She sensed Gordon’s discomfort, but she replied, “Sure.”
Gordon shed the armor in exchange for his riding gear, then he said to Mara, “I’ll take your armor to Crux later. Doubt you want to put it all back on right now.”
“Okay,” she said. He was right—walking back to Crux fully armored would be uncomfortable and attract too much attention.
The stairs leading down were steep and shook slightly beneath their weight. Earlier, when they had run through, Mara had barely noticed. Everything had blurred together in a haze of lights and sheets of rain. Though the storm was beginning to taper off, the city remained drenched. Water trickled from overhangs, dripping onto their heads.
The winding pathways of Eight were disorienting, yet Gordon navigated them with ease.
“How many times did you get lost before you figured this place out?” she asked.
He snorted. “I still get lost. There are virtually no rules for construction, and they just keep adding on more levels when space runs out. Beck occasionally threatens to tear it all down when they breach the boundary, but this is where he keeps all the undesirables.”

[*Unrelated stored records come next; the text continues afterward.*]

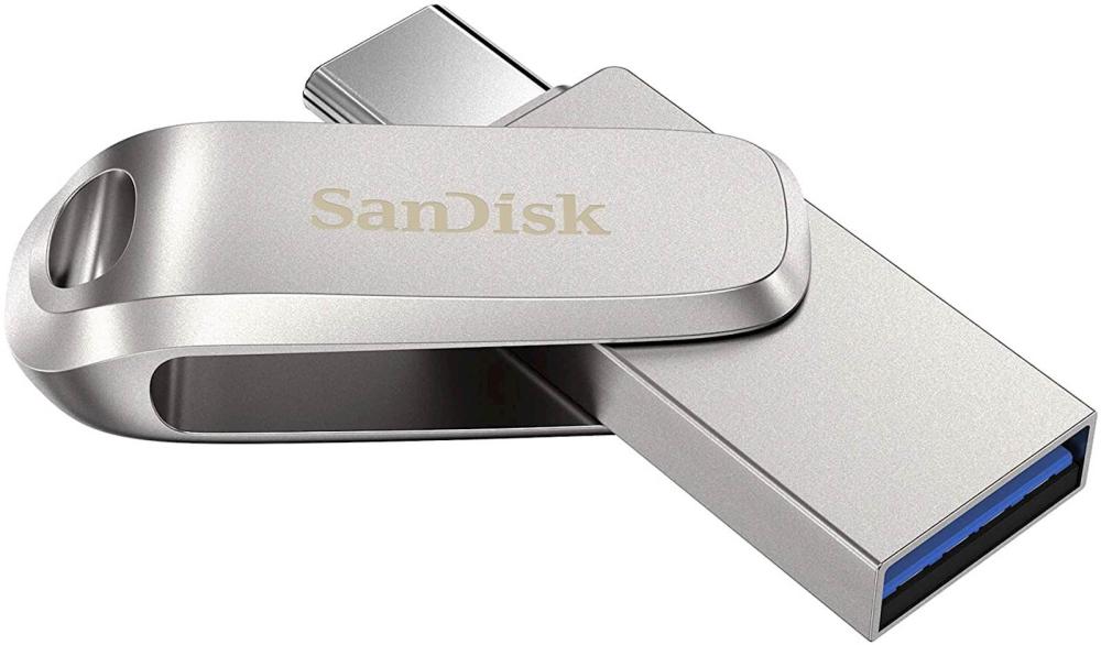 SanDisk USB C & USB DISK 128GB Ultra Dual LUXE, 3.1, srebrn, kovinski, branje do 150MB/s
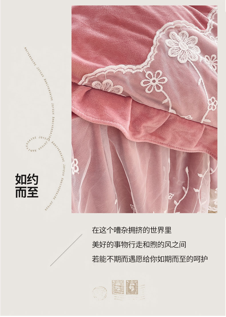 商品名称:(总)2024直播爆款韩版纯色花边牛奶绒婴儿绒床裙四件套 花香
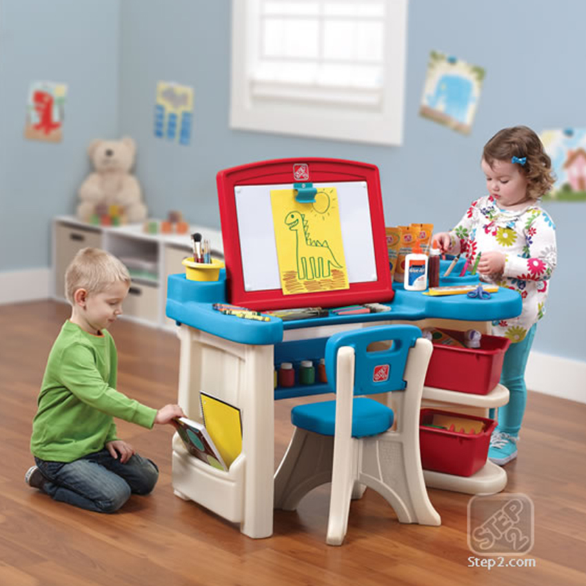 Step2 #843100 Studio Art DeskThe Studio Art Desk features an adjustable work surface board where kids can fold down the board into an art desk to draw on or lift up for an art easel where children can craft artistic masterpiecesThe large side pockets of the art desk are perfect for notebooks, coloring books, paper and moreRemovable supply cup for brushes, pencils, markers, and more
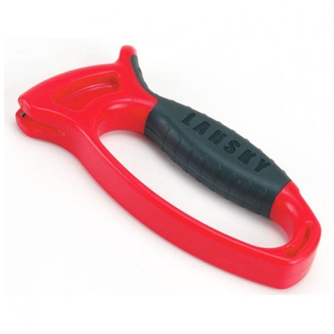 Стругачка для ножів Lansky Deluxe Quick Edge Tungsten Carbide LNLSTCN проста і функціональна. Рукоятка точила за своєю формою нагадує кастет. Незважаючи на уявну непрактичність, рукоятка дуже зручно лежить в руці; крім того, вона захищає руку від пошкоджень при необережному русі. В наверші рукоятки знаходиться V-подібний точильний камінь з карбіду вольфраму. Це дуже міцний матеріал, якого вистачить для тривалого використання. Для того щоб заточити ніж, достатньо буде зробити всього декілька рухів. Кут заточування – 23 градуси.

Glancing upward, she searched for the dark sky but couldn’t find it. “So they just keep building up?”
“And down.” They turned again, entering a large stairwell. Water whooshed through a channel dug into the ground beside the stairs, diverting somewhere into the distance.
The ride on his motorbike, after she finished dressing in Crux, was overshadowed by a growing sense of foreboding. Gordon’s offer to run away together became more tempting with each passing minute.

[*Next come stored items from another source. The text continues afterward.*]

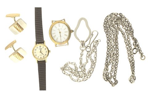 To armbåndsure - to par manchetknapper hvoraf det ene er af sterlingsølv, to kæder, et par ørestikker af sterlingsølv med perler.
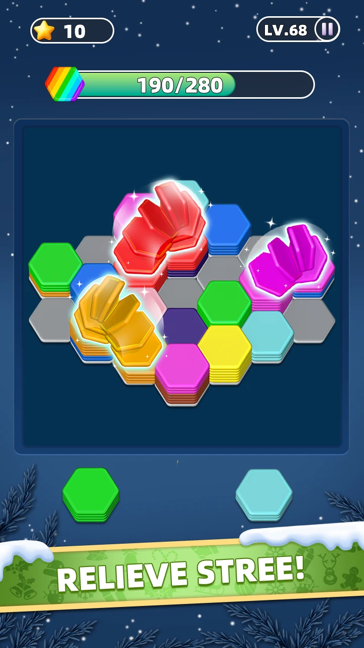 - Step 3: Tap matching colored hexagons to clear them or move them towards the target zone. Earn points for each successful match, chain reactions, and completing levels quickly. Progress through levels, unlocking new themes and challenges as your score increases.
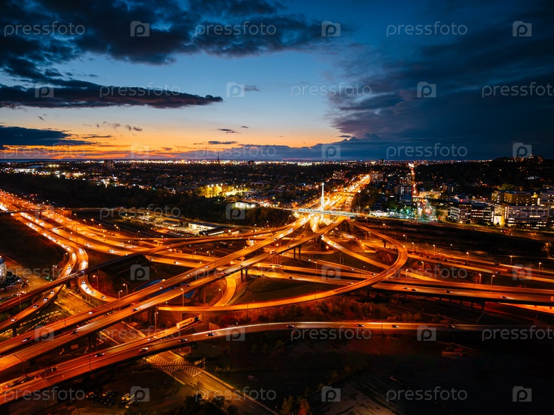 Ночной вид с воздуха на перекресток Турко в Монреале со светящимися шоссе и городскими огнями во время драматического синего часа
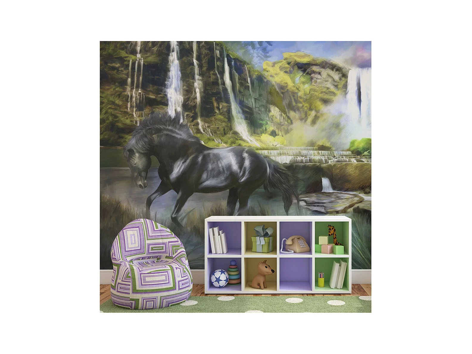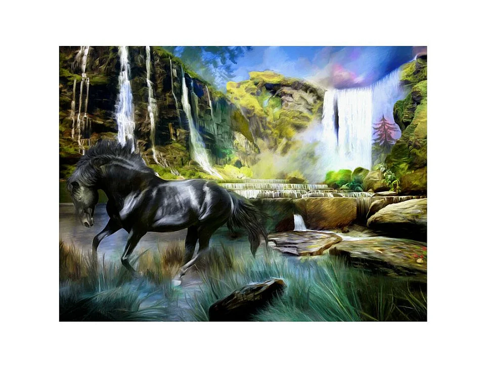 Papier Peint "Étalon Noir & Cascade" 193 x 250 cm
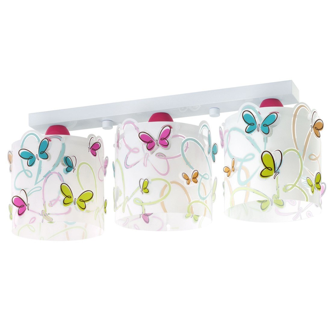 Το τρίφωτο παιδικό φωτιστικό οροφής με θέμα τις πεταλούδες προσφέρει άπλετο γενικό φωτισμό. Μονού τοιχώματος με πεταλούδες που εξέχουν. Πλαστικά, μεταλλικά μέρη & τοίχωμα πολυπροπυλενίου. Κιτ ανάρτησης σε ράγα με μεταλλική βάση στήριξης. Κατασκευασμένο εξ ολοκλήρου στην Ευρώπη. Το Butterfly τρίφωτο φωτιστικό οροφής συμπληρώνει τα υπόλοιπα παιδικά φωτιστικά της συλλογής.
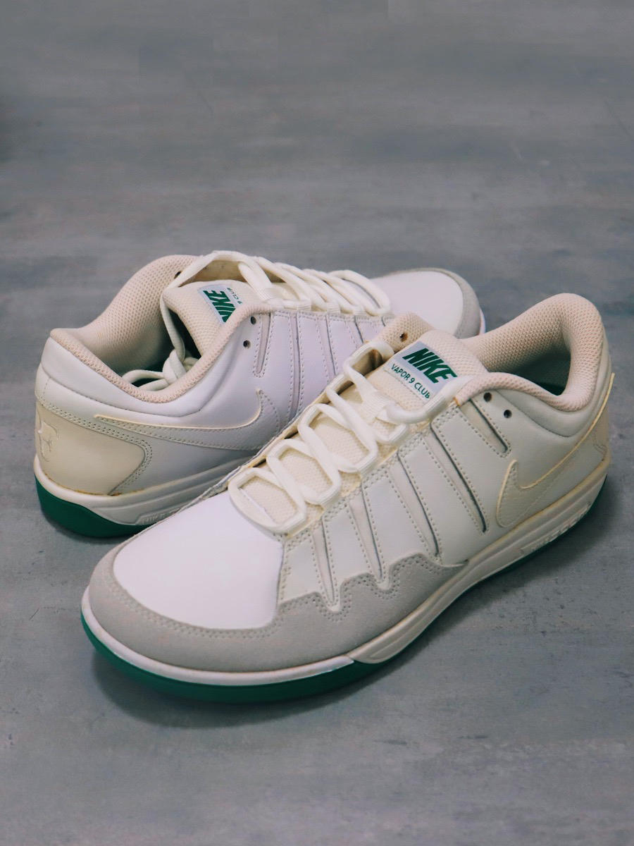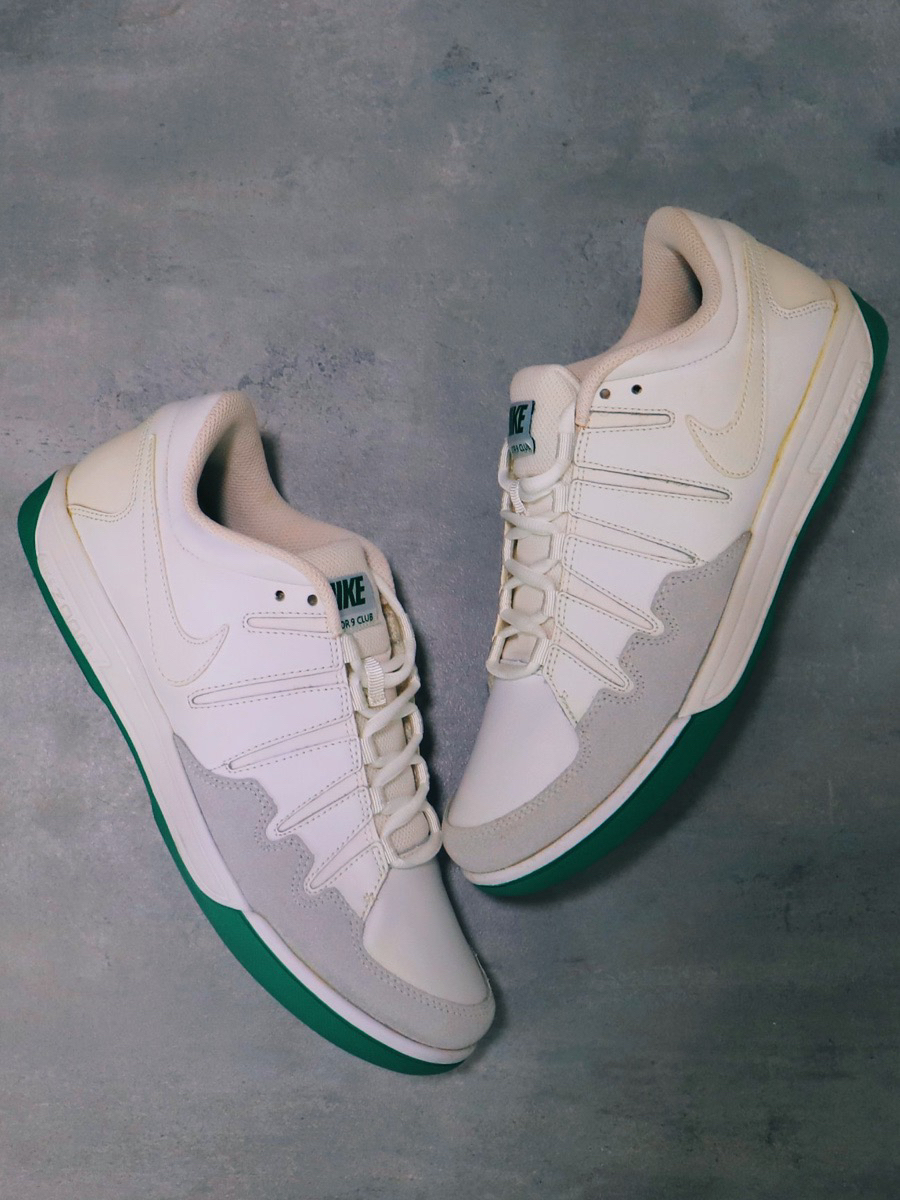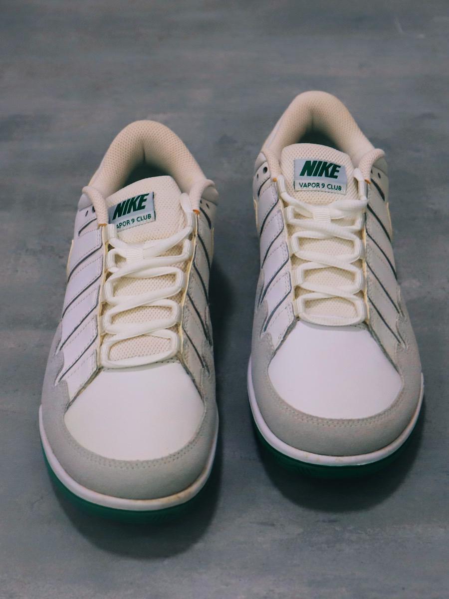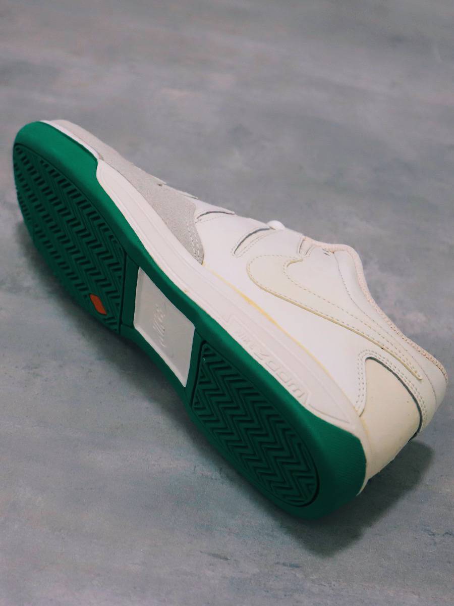 这双老鞋不知道还有人记得吗👀费德勒——耐克签名系列的网球鞋🤍 白灰配色我个人认为是这中最好看的色调啦‼ 鞋身很有做旧的风格感,鞋底更是做的墨绿色底,跟鞋身形成了很好的撞色!不得不说这个绿色真的是加的恰到好处啊! 同时也更有复古的感觉🍃 鞋身的脚感特别的轻盈~打球的时候感觉很舒适!! 而且整体包裹性很不错~咱就是说真的太会挖宝了我👀 鞋带的设计也是简简单单很耐看~ 尺码我是正码上脚的!很合适

Why should they sacrifice for this place? Why should they risk their lives? Surely, a life with Gordon somewhere far away, in a place she had never heard of, would be better. Smarter, even.

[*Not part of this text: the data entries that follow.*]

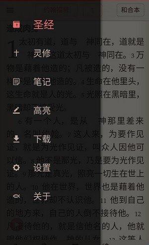 2、点击首页左上角,用户可以看到圣经、灵修、做笔记和设置等选项。
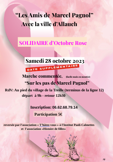L'Association "Les Amis de Marcel Pagnol", solidaire d'Octobre Rose, organise une marche commentée "sur les pas de Marcel Pagnol.
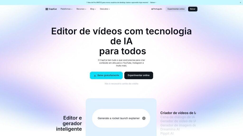 Descrição do site: O site CapCut apresenta uma plataforma completa de edição de vídeo com ferramentas inteligentes e baseadas em IA, projetada tanto para iniciantes quanto para criadores de conteúdo que querem produzir vídeos de aparência profissional para redes sociais como TikTok, Instagram e YouTube diretamente no navegador ou com download do aplicativo. Ele reúne recursos como geração automática de legendas, conversão de texto em fala, remoção de fundo, estabilização de vídeo, efeitos e filtros visuais e sonoros, além de opções avançadas de edição como transições, rastreamento de movimento e ferramentas de melhoria de imagem. A página enfatiza que todas essas funcionalidades estão acessíveis de forma intuitiva e que é possível experimentar ou baixar o editor sem precisar de cartão de crédito, com integração para uso em múltiplos dispositivos. O CapCut também oferece modelos e assistentes de IA que ajudam a criar e montar vídeos rapidamente a partir de roteiros ou conteúdo bruto, facilitando o fluxo criativo para influenciadores, profissionais de marketing e usuários casuais. A proposta central do site é tornar a edição de vídeo rápida, poderosa e acessível, combinando tecnologia de ponta e uma interface amigável que atende tanto a projetos simples quanto a produções mais complexas.
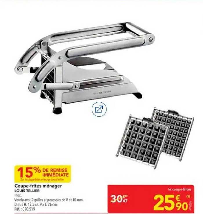 Le coupe-frites ménager de Louis Tellier est l'outil indispensable pour tous les amateurs de frites maison ! Avec sa conception en inox, il allie robustesse et élégance, rendant la préparation de vos frites plus rapide et efficace. Profitez d'une offre exceptionnelle avec 15 % de remise immédiate, valable jusqu'au 29 novembre 2025.
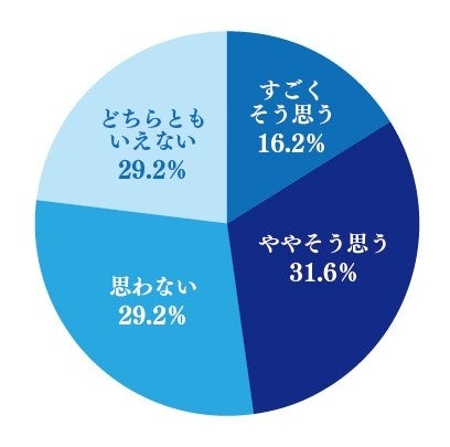 「すごくそう思う」との回答が16.2%「ややそう思う」が31.6%で合計47.8%(合計460名)。「思わない」との回答が29.2%(281名)「どちらとも言えない」23.0%(221名)。この項目については回答が割れました。
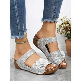 Sandalias de cuña con purpurina para mujer: zapatos con lentejuelas plateadas y detalles florales para fiestas de verano, salidas informales y ropa de resort.

She thought of their scars, the irreversible damage inflicted on their bodies and minds. She tightened her grip around his waist and felt the reassuring weight of his hand over hers.
The Silvers needed to suffer. She wanted to see them butchered into a thousand pieces and their remains scattered across the very streets they terrorized.
Maybe she didn’t truly care about saving anyone. Maybe revenge was enough.
The bike slowed as they pulled into a shadowed section of the street, close to her apartment.
Gordon cupped her face, tilting it upward for a long kiss while his fingers wove through her hair. “It isn’t too late to change your mind.”
“We will run away into the night together. Just not yet. I don’t think we could ever sleep soundly with them still out there.”
A pained smile tugged at the corner of his mouth. “I don’t think we ever sleep soundly, Mara.”
She buried her face in his chest, inhaling deeply. He smelled like armor and gunpowder, but underneath was him—the one that made her feel safe and whole.
“Keep your key on you at all times,” he said. “Please. If something happens, then I can find you.”
“I will.”
They held each other for a long moment.
And then, she pulled away to walk down the narrow alley that led to her apartment. The cold settled in again where his warmth had been. A terrible, sinking feeling buried itself in her bones.
She should’ve run.
Chapter 23
Mara - Ten Years Earlier
Mara’s fingers swiped absently over the inventory screen, scrolling through the lists she already knew by heart—fabrics, threads, connectors, plates. Everything was in its place. She’d checked it all already. Twice.
Her arms and fingers ached from disassembling and cleaning one of the joiners, and the acidic solvent left the inside of her nose feeling raw. She wasn’t allowed to craft armor yet, but Geller said her time was coming soon.
She started a couple of months ago, and the first few weeks had all been lessons: “this fiber does this” and is made of “that”. At first, she found it fascinating, but the repetition had gotten old. There were only so many times she could watch someone slash aramid with a knife or see a close-up of hexagonal ceramic plates shattering.
At least now they had moved on to doing the demonstrations themselves. She loved the satisfyingcrackof hitting a chestplate from twenty-five yards away.